**What you need to do**
With all images omitted, write out the records word for word.

**Dataset records**

+---+

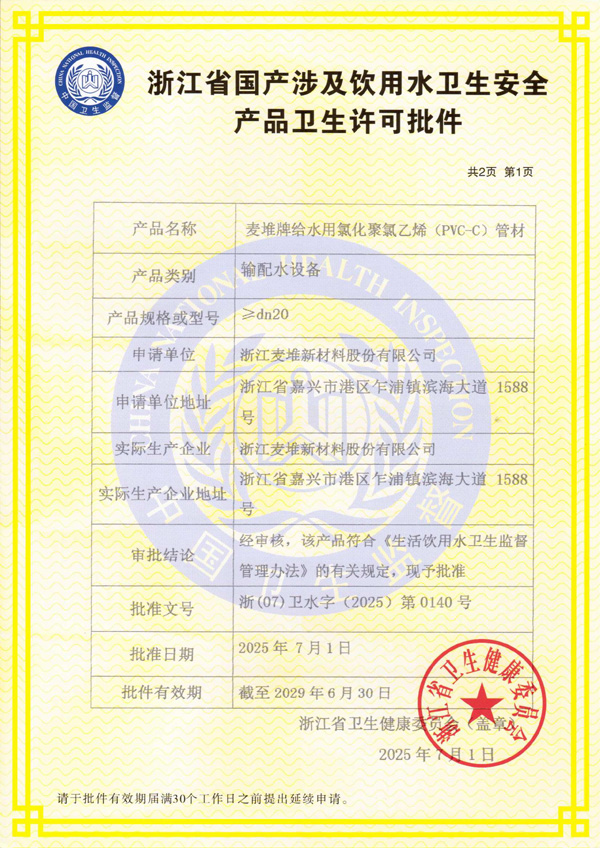 0140卫批许可-麦堆牌给水用氯化聚氯乙烯(PVC)
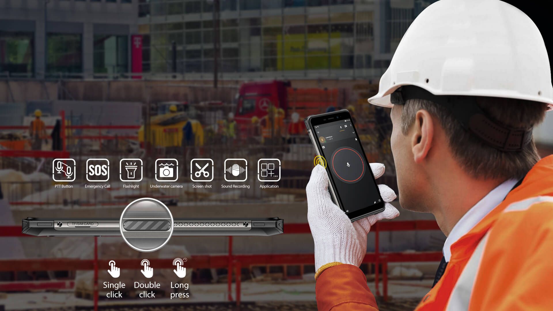 Bên cạnh phải thiết bị là nút chỉnh âm lượng và nút nguồn, ở phía bên cạnh trái có một khe cắm thẻ có thể chứa đồng thời hai thẻ Nano-SIM và một thẻ Micro SD. Bên cạnh trái cũng có một phím tùy chỉnh để thiết lập phím tắt, ví dụ như khởi động Zello, nền tảng PTT, cho phép điện thoại hoạt động như một bộ đàm. Ngoài ra điện thoại còn có cổng sạc Type-C và cổng cắm tai nghe 3.5 mm.
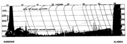 This phenomenon is an important factor in ocean surveillance.[5][6][7] The deep sound channel was discovered and described independently by Maurice Ewing and J. Lamar Worzel at Columbia University and Leonid Brekhovskikh at the Lebedev Physics Institute in the 1940s.[8][9] In testing the concept in 1944 Ewing and Worzel hung a hydrophone from Saluda, a sailing vessel assigned to the Underwater Sound Laboratory, with a second ship setting off explosive charges up to 900 nmi (1,000 mi; 1,700 km) away.[10][11]
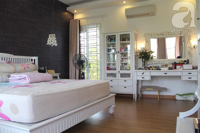 | Phòng ngủ chính của ngôi nhà được thiết kế theo phong cách Tân cổ điển với đa phần các món nội thất mang phong cách châu Âu. Nổi bật trong căn phòng màu trắng là bức tường tối màu có họa tiết mềm mại. Không chỉ được bài trí cẩn thận để phục vụ cho nhu cầu giải trí, nghỉ ngơi, nhờ sở hữu 2 mặt thoáng lớn nhìn ra không gian xanh, căn phòng thực sự rất thư giãn. |
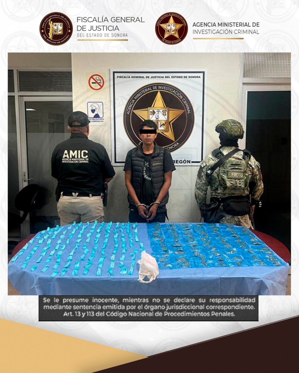 El detenido y la droga asegurada quedaron a disposición del agente del Ministerio Público para la integración de la carpeta de investigación correspondiente por delitos contra la salud; la FGJES, en coordinación con las fuerzas federales, reitera su compromiso de combatir la venta de drogas y la reincidencia delictiva en el sur de Sonora.
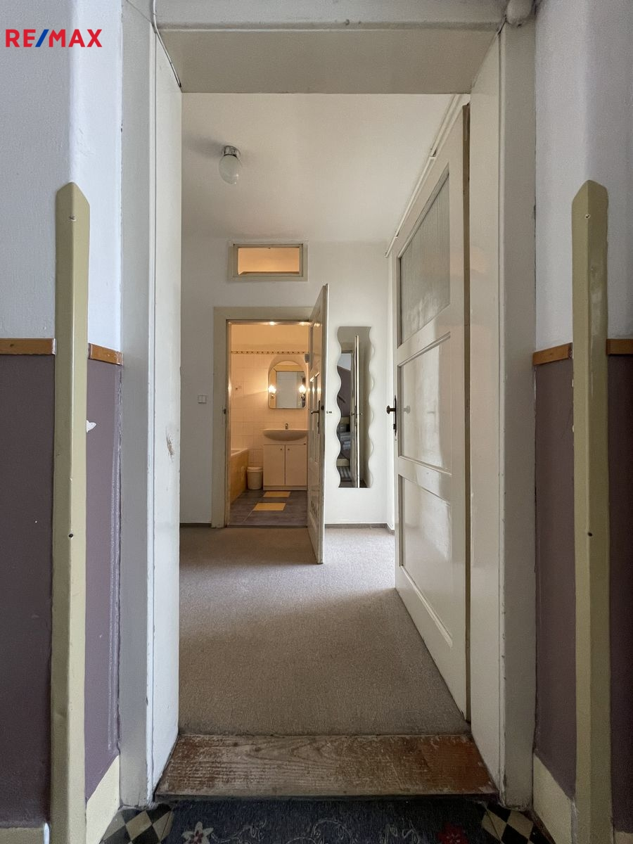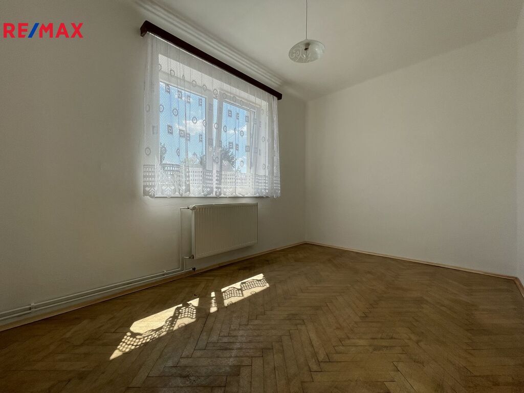 Exkluzivně nabízíme prodej spoluvlastnického podílu ve výši 1/2 na RD, který zahrnuje byt 3+1 (82 m²) v 1.NP, vlastní garáž, společné užívání zahrady a dvorku (cca 105 m²), společné půdní a sklepní prostory. Na pozemek RD se vstupuje brankou na zahradu s dvorkem či z druhé strany vjezdem ke garáži (20 m² z roku 2016). Při vstupu do domu se nacházíte na společné chodbě, odkud vedou vstupy do předmětného bytu, sklepních prostor či schody do patra, kde se nachází balkón ve společném užívání a dále lze pokračovat do půdních prostor. V předmětném bytě rekonstruovaném v roce 2005 (elektřina, voda, odpady) se nachází vstupní předsíň (4,7 m²), 3 neprůchozí pokoje (24 m²; 18,5 m²; 10,7 m²), kuchyň (13 m²) se spíží (1 m²) a průchodem do jednoho z pokojů (2,4 m²), koupelna (4,2 m²) s vanou (stáří 2 roky) a samostatné WC (1 m²). V bytě jsou plastová okna z roku 2016. Dům je napojen na obecní vodovod, kanalizaci, el. a plyn. Elektřina v bytě je v mědi. Krytina střechy je pokryta eternitem. Byt má zajištěný ohřev tepla i vody plynovým kombinovaným kotlem umístěným v koupelně bytu. Podlaha obytných pokojů je pokryta parketami, v kuchyni je kombinace PVC a koberce, v koupelně a WC je dlažba, ve vstupní předsíni je koberec. Nemovitost bude v budoucnu vyžadovat rekonstrukci střechy a hydroizolaci domu. Zajistíme Vám konzultaci možné koupě této nemovitosti – bezplatně s našim finančním poradcem. Více fotografií na stránkách RE/MAX. Bližší informace u makléře nabídky.

+---+

**Answer section**
 0140卫批许可-麦堆牌给水用氯化聚氯乙烯(PVC)
 Bên cạnh phải thiết bị là nút chỉnh âm lượng và nút nguồn, ở phía bên cạnh trái có một khe cắm thẻ có thể chứa đồng thời hai thẻ Nano-SIM và một thẻ Micro SD. Bên cạnh trái cũng có một phím tùy chỉnh để thiết lập phím tắt, ví dụ như khởi động Zello, nền tảng PTT, cho phép điện thoại hoạt động như một bộ đàm. Ngoài ra điện thoại còn có cổng sạc Type-C và cổng cắm tai nghe 3.5 mm.
 This phenomenon is an important factor in ocean surveillance.[5][6][7] The deep sound channel was discovered and described independently by Maurice Ewing and J. Lamar Worzel at Columbia University and Leonid Brekhovskikh at the Lebedev Physics Institute in the 1940s.[8][9] In testing the concept in 1944 Ewing and Worzel hung a hydrophone from Saluda, a sailing vessel assigned to the Underwater Sound Laboratory, with a second ship setting off explosive charges up to 900 nmi (1,000 mi; 1,700 km) away.[10][11]
 | Phòng ngủ chính của ngôi nhà được thiết kế theo phong cách Tân cổ điển với đa phần các món nội thất mang phong cách châu Âu. Nổi bật trong căn phòng màu trắng là bức tường tối màu có họa tiết mềm mại. Không chỉ được bài trí cẩn thận để phục vụ cho nhu cầu giải trí, nghỉ ngơi, nhờ sở hữu 2 mặt thoáng lớn nhìn ra không gian xanh, căn phòng thực sự rất thư giãn. |
 El detenido y la droga asegurada quedaron a disposición del agente del Ministerio Público para la integración de la carpeta de investigación correspondiente por delitos contra la salud; la FGJES, en coordinación con las fuerzas federales, reitera su compromiso de combatir la venta de drogas y la reincidencia delictiva en el sur de Sonora.
 Exkluzivně nabízíme prodej spoluvlastnického podílu ve výši 1/2 na RD, který zahrnuje byt 3+1 (82 m²) v 1.NP, vlastní garáž, společné užívání zahrady a dvorku (cca 105 m²), společné půdní a sklepní prostory. Na pozemek RD se vstupuje brankou na zahradu s dvorkem či z druhé strany vjezdem ke garáži (20 m² z roku 2016). Při vstupu do domu se nacházíte na společné chodbě, odkud vedou vstupy do předmětného bytu, sklepních prostor či schody do patra, kde se nachází balkón ve společném užívání a dále lze pokračovat do půdních prostor. V předmětném bytě rekonstruovaném v roce 2005 (elektřina, voda, odpady) se nachází vstupní předsíň (4,7 m²), 3 neprůchozí pokoje (24 m²; 18,5 m²; 10,7 m²), kuchyň (13 m²) se spíží (1 m²) a průchodem do jednoho z pokojů (2,4 m²), koupelna (4,2 m²) s vanou (stáří 2 roky) a samostatné WC (1 m²). V bytě jsou plastová okna z roku 2016. Dům je napojen na obecní vodovod, kanalizaci, el. a plyn. Elektřina v bytě je v mědi. Krytina střechy je pokryta eternitem. Byt má zajištěný ohřev tepla i vody plynovým kombinovaným kotlem umístěným v koupelně bytu. Podlaha obytných pokojů je pokryta parketami, v kuchyni je kombinace PVC a koberce, v koupelně a WC je dlažba, ve vstupní předsíni je koberec. Nemovitost bude v budoucnu vyžadovat rekonstrukci střechy a hydroizolaci domu. Zajistíme Vám konzultaci možné koupě této nemovitosti – bezplatně s našim finančním poradcem. Více fotografií na stránkách RE/MAX. Bližší informace u makléře nabídky.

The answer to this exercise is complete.